Snail Lexical Structure
Lexical Structure
The lexical structure is designed to be fairly simple to implement. There are some deviations from popular programming languages (e.g., handling of escape sequences); these are typically to reduce the burden of implementing lexical analysis.
Integers
Integers are non-empty strings of digits 0-9. It is a lexer error if the a literal integer constant is too big to be represented as a 64-bit signed integer. 64-bit signed integers range from \(-2^{63}\) to \(2^{63}-1\).
Identifiers
Identifiers are strings (other than keywords) that conform to a modified Unicode’s identifier specification. In particular, snail uses the “XID” identifier specification. In addition, snail allows identifiers to start with an “_” character. (i.e both “_snail” and “_” are valid identifiers)
Both variable names and class names are treated as identifiers in snail. Notably, keywords, are treated separately from identifiers.
String Literals
Strings are enclosed in double quotes (i.e., “…”). Snail only recognizes two
escape sequences, \"
and \\
, during lexing. This allows double quotes to
be embedded in a string literal and a backslash to be the last character in a
string.
"Grace Hopper said, \"A ship in port is safe, but that’s not what ships are built for.\""
Two escape sequences are handled by the IO
module: \n
and \t
. These are
not interpreted or transformed by the lexer in any way.

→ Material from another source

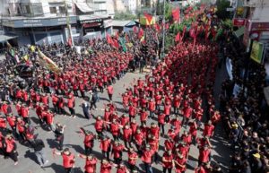 Lebanon’s Hezbollah supporters march during a religious procession to mark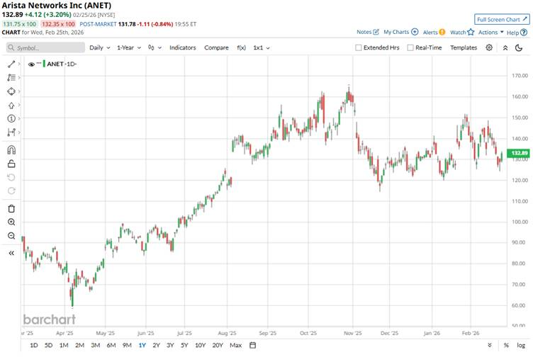 Additionally, Arista’s share price has experienced meaningful swings recently, with a notable intraday jump of 3.2% on Feb. 25, amid broader sector tailwinds from the ongoing AI infrastructure arms race, including sentiments around expanded AI hardware agreements such as the multi-year Advanced Micro Devices (AMD) and Meta Platforms (META) deal, which underscored strengthening demand fundamentals for data-center networking, a key end market for Arista.

Note that escape sequences are not converted to a single character. They are
left as a \
followed by the next character. This will simplify lexing and
interpretation, but differs from other languages.
class Main : IO {
main() {
print_string("She said, \"What?\"");
};
};
// outputs: She said, \"What?\"
Strings may not contain the null character (with integer value 0). Newline characters and carriage returns are also not allowed. All other characters are allowed.
Strings must have an opening and closing quote. The lexer must reject source code that contains malformed strings.
Comments
Line comments begin with //
and continue to the next newline (or end of file).
Block comments are also supported using /* ... */
syntax. Block comments may
be nested and must be terminated before the end of file.
Keywords
The following identifiers are treated as keywords in snail:
class
else
if
isvoid
let
new
while
true
false
All keywords in snail are case insensitive. That is, any capitalization of a keyword is still treated as a keyword.
Whitespace
Snail follows the definition of whitespace provided by the Unicode specification.
Operators and Punctuation
Refer to Langauge Basics or SL-LEX Format for additional lexemes in the language.